The Phillies will wear the infamous "Saturday Night Specials" uniform ensemble this Saturday night against the Atlanta Braves. The Braves will also wear period throwbacks. The all-burgundy uniforms were only worn once 40 years ago on May 19, 1979 when the Phillies lost to the Montreal Expos 10-6.
Sports nostalgia continues to boom and the Phillies are capitalizing on it with their continued use of 1970s and 1980s uniform schemes and one offs. Three years ago the team wore 1976 uniforms complete with the opening day pillbox cap. Last year the team announced it would wear the popular powder blue 1980s away uniforms at home for Thursday day games. The Phillies were the second club in major league history to wear throwback uniforms when they donned 1957 retros in 1991. But none of the uniforms since then have been as unusual and unique as the 1979 "Saturday Night Specials".
The original uniforms were the dual brain child of then club president Bill Giles and the 1970s loud uniform craze. The traditional flannel baseball uniform from the 1950s and 1960s gave way to polyester and outrageous color combinations.

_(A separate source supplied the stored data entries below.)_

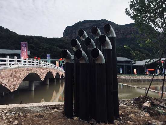 艺术现场制作是本次活动的最大亮点。艺术家们克服种种不便,十几天时间,电焊、抛光、打孔、喷漆,亲力亲为,变身为工人。一件件高艺术水准与自然语境相符的艺术作品散布在东太行山水之间,艺术边缘的武安有了与世界同步的观念实体作品。整个现场过程在东太行旅发大会的主场地工地,景区基建与艺术作品同步进行,所涉及的人和事本身就是一次有互动参与的社会活动。东太行为背景行为艺术力作“去锁”和古村落为现场的“收声”展现了现场的魅力,一次当代文明姿态的“打开”进行时。灵魂是作品的内涵,现场艺术活动的开放性自觉不自觉地展开了社会美育的功能。山美术馆的架上展出作品与散布在大自然中的装置景观作品联动,丰满了艺术季,丰富了艺术季的内容。
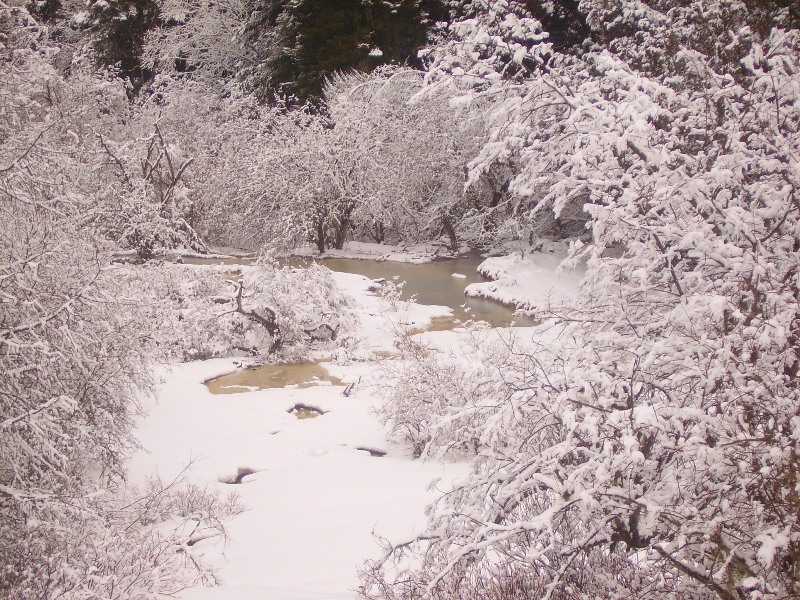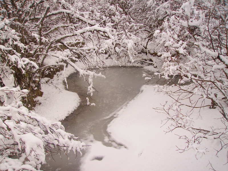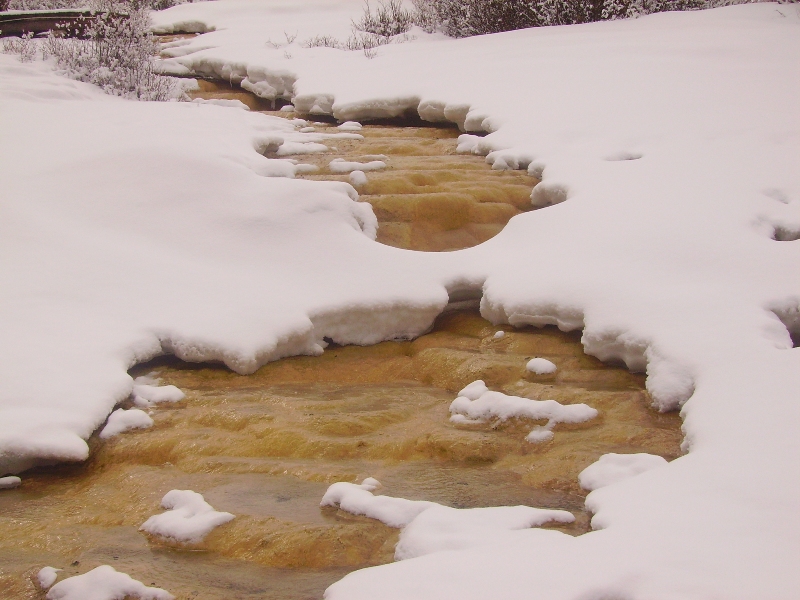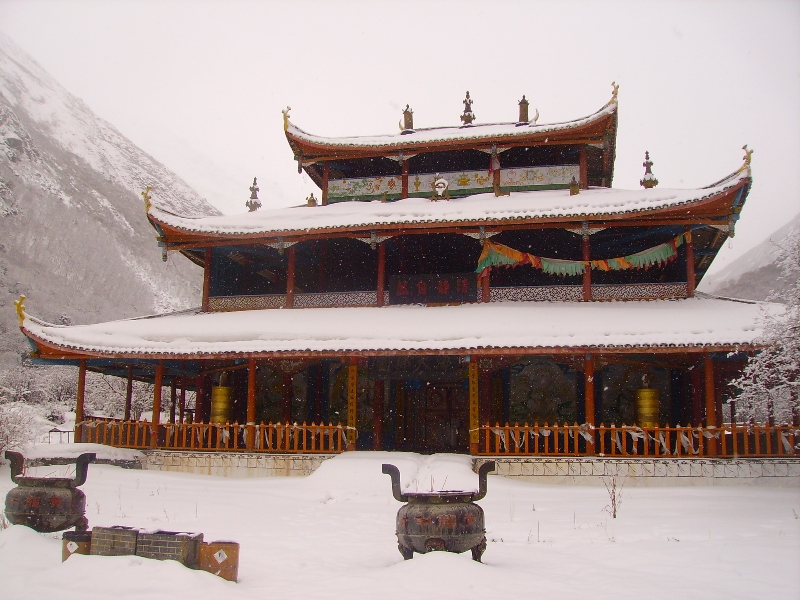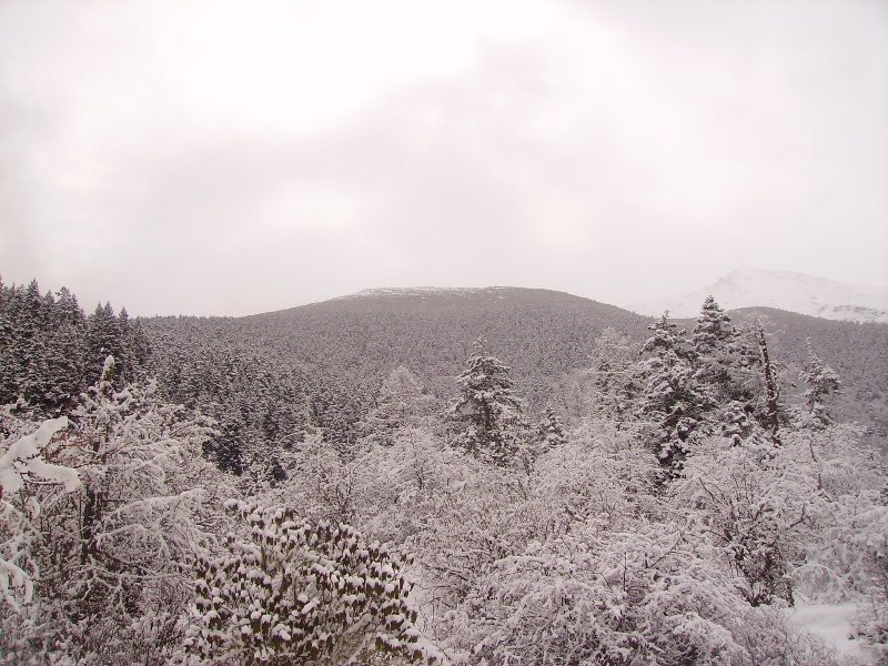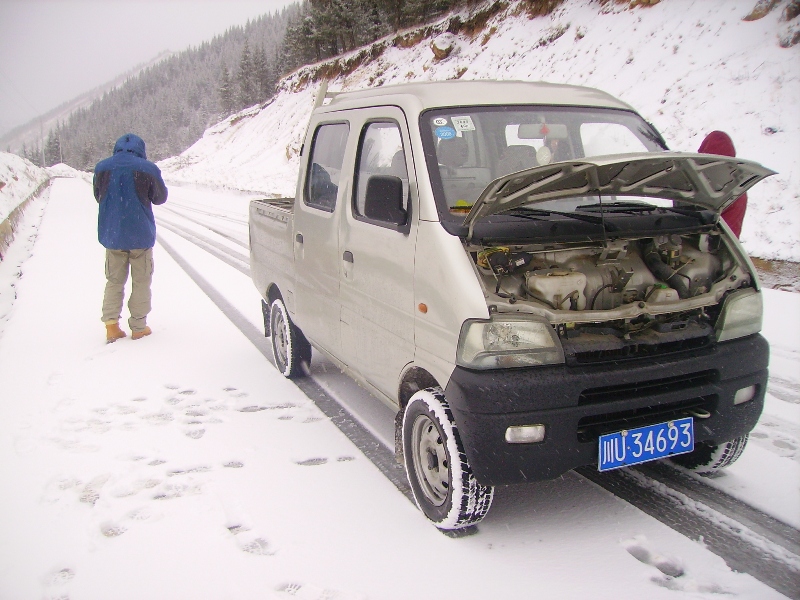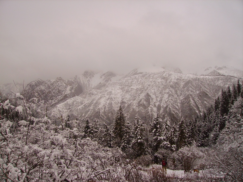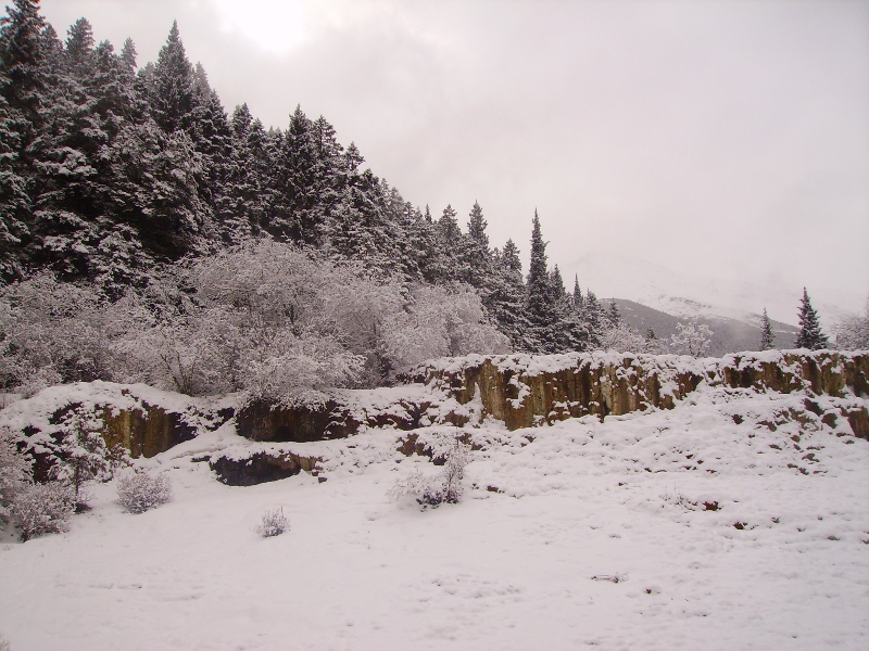 Les 50 kilomètres qu’il y a entre Huanglong et Songpan seront difficiles, déjà parce que la neige nous oblige à chaîner la voiture, et puis en haut du col, la lumière qui se reflète sur la neige nous éblouit vraiment et on ne peut profiter de ce magnifique point de vue sur la vallée. Des yaks broutent sans se soucier de la tempête de neige, leur pelage devient blanc. Des rochers tombent sur la route devant nous et nous avons beaucoup de chance. Arrivés finalement, le parc qui est censé être luxuriant, est sous la neige. Nous décidons quand même de rentrer afin de voir les fameux bassins d’eau calcaire à l’eau d’un turquoise incroyable. Malheureusement, seul le bassin le plus grand, au bout des 2 heures de marche est encore plein de cette eau bleue.
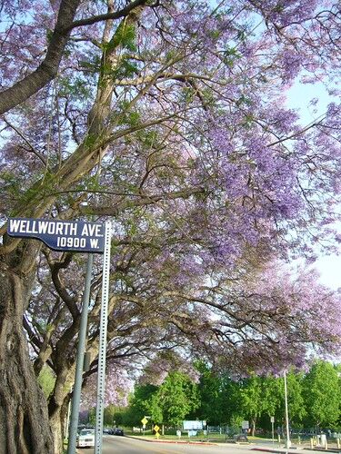 最近この街が紫の花を咲かせる木で一杯なので、写真を撮ってみた。何と言う名前なのか知りたい。どうやって調べればよいのだろう。
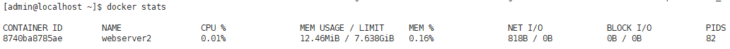 8740ba8785ae webserver2 0.01% 12.46MiB / 7.638GiB 0.16%
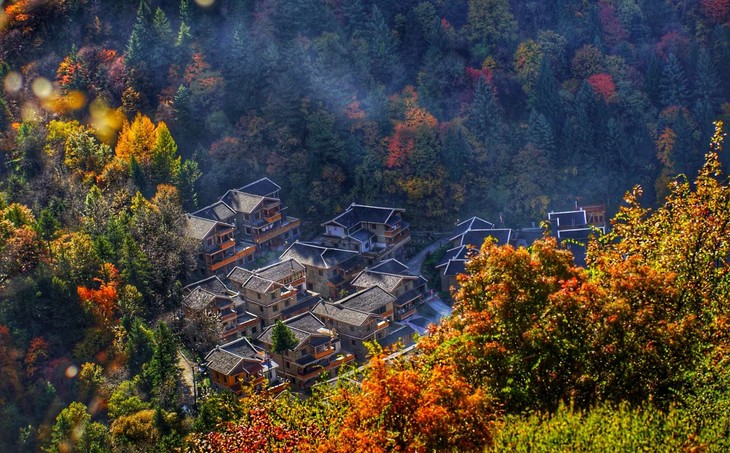 整齐划一的石楼掩映在彩林之中,木质门窗,雕花细作,门前菜地绿油油闪亮亮发着耀眼的光彩。

The team already sported burgundy batting practice jerseys so the novelty of a reverse uniform sans pinstripes (could you imagine if they had pinstripes) seemed worth a shot. But the players hated them immediately. Larry Bowa said they reminded him of uniforms worn for Sunday afternoon softball. Greg Luzinski hated the color because they looked grape. Larry Christenson, the starting pitcher who made his debut that night in 1979, said that the uniforms were dark and struck the wrong cord with the players. Reliever Tug McGraw said that the entire team hated them because they looked like softball uniforms.
The Phillies had a 4-0 lead over the visiting, sputtering Expos in the top of the 4th when Christensen beaned catcher Gary Carter. Carter made like he was going to charge the mound but trotted to first. Christenson told Inquirer reporter Matt Breen that he thought there was going to be a brawl after the benches cleared. "I thought itw as going to be a brawl in these purple-nurple uniforms. But nothing happened." The altercation fired the Expos up and they went ahead to beat the Phillies 10-6. Larry Bowa blamed the uniforms. After the game, Luzinski told owner Ruly Carpenter that he'd never wear that uniform again and the team threw the uniforms in the trash. Bill Giles told reporters after the game that the uniforms didn't match up to their exceptions; they fit right and they were too dark for TV.

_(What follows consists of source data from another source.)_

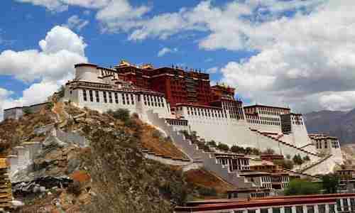 早餐后前往游览布达拉宫、大昭寺。【布达拉宫】(含门票200元/人)(游览60分钟),座落于拉萨市西域区,是世界上海拔最高的古代宫殿,其殿宇巍峨,金碧辉煌,集中了藏族人民建筑、 绘画、雕刻等艺术上的高度成就和独特风格,被称誉为世界屋脊上的一颗明珠。下午参观建于吐蕃王朝时期最早的佛堂—【大昭寺】(含门票85元/人)(游览50分钟),是拉萨最古老的寺庙,至今仍然是整个藏区地位崇高的中心寺。 |
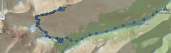 First climbed by a surveyor in 1883, summiting Humboldt Peak is a moderate climb up its West Ridge from South Colony Lakes, although I wouldn’t recommend it as a very first 14er experience as there is a bit of scrambling and some exposure.
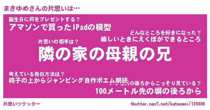 | 恥ずかしいあだ名 | 『プリティーまきゆめ』『まきっちょ』 |
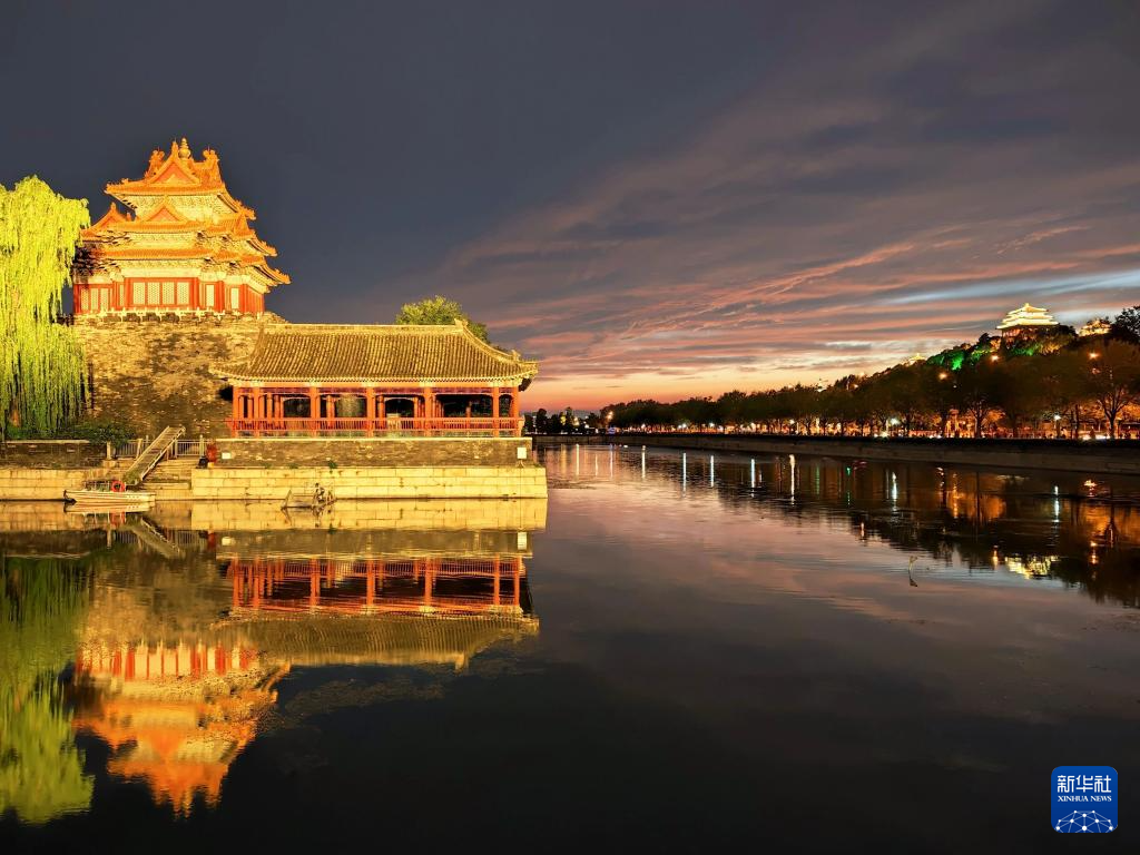 8月30日在北京故宫角楼畔拍摄的晚霞。
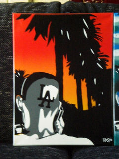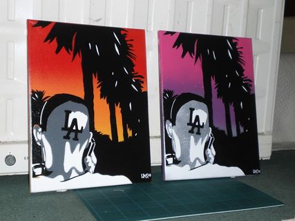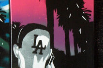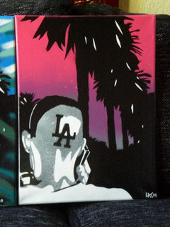 description- picture of man with l.a. shaved into hair,original one off painting,signed and dated by l.@.k.art

The team hated the uniforms but some fans did not. The Inquirer reported on May 27 that club received numerous calls from fans across the country asking to buy the uniforms. The club agreed and sold the entire ensemble for $200 each, with proceeds benefiting intellectually disabled children in the Delaware Valley. Fans have already tweeted the New Era Clubhouse store asking if the uniforms will be available for purchase this weekend, complete with zipper front.
Part of the distaste for the all-burgundy uniforms was because they ere so dark. The lighting industry has vastly improved in the past 40 years and Citizens Bank Park's new LED lighting will literally shine new light on the old color scheme. Saturday night, we will find out whether or not the LED's superior color rendering index will have fans and players alike viewing the uniforms in a different light.